==== INFORMATION PROVIDED
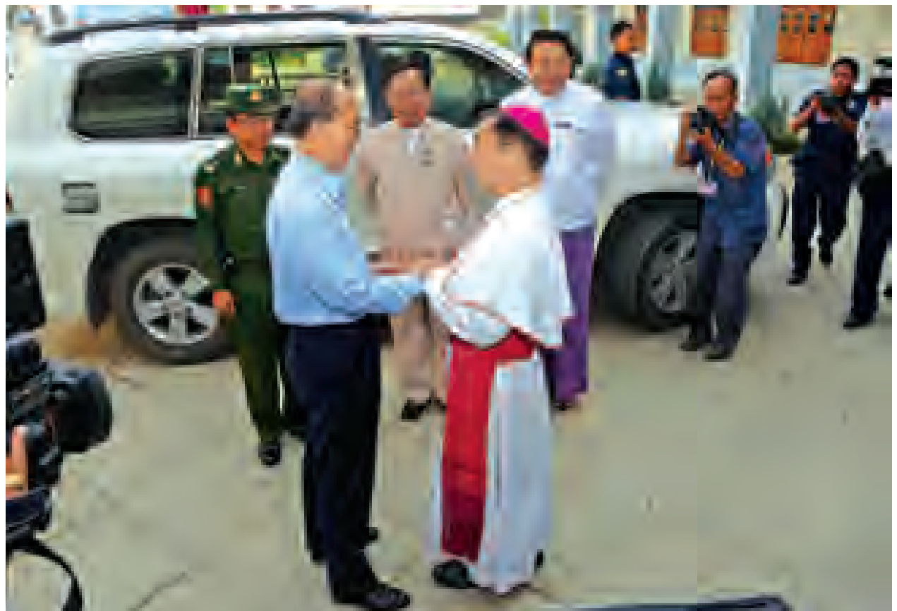
President U Thein Sein cordially greets Catholic Bishop of Kengtung.

In conclusion, the president urged local peo-
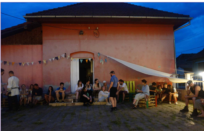
Reclaim public spaces: temporary actions with the youth of Sona in the more or less abandoned location of the cultural house.
========
Retype all of the material above exactly; the pictures stay out.

President U Thein Sein cordially greets Catholic Bishop of Kengtung.

In conclusion, the president urged local peo-
Reclaim public spaces: temporary actions with the youth of Sona in the more or less abandoned location of the cultural house.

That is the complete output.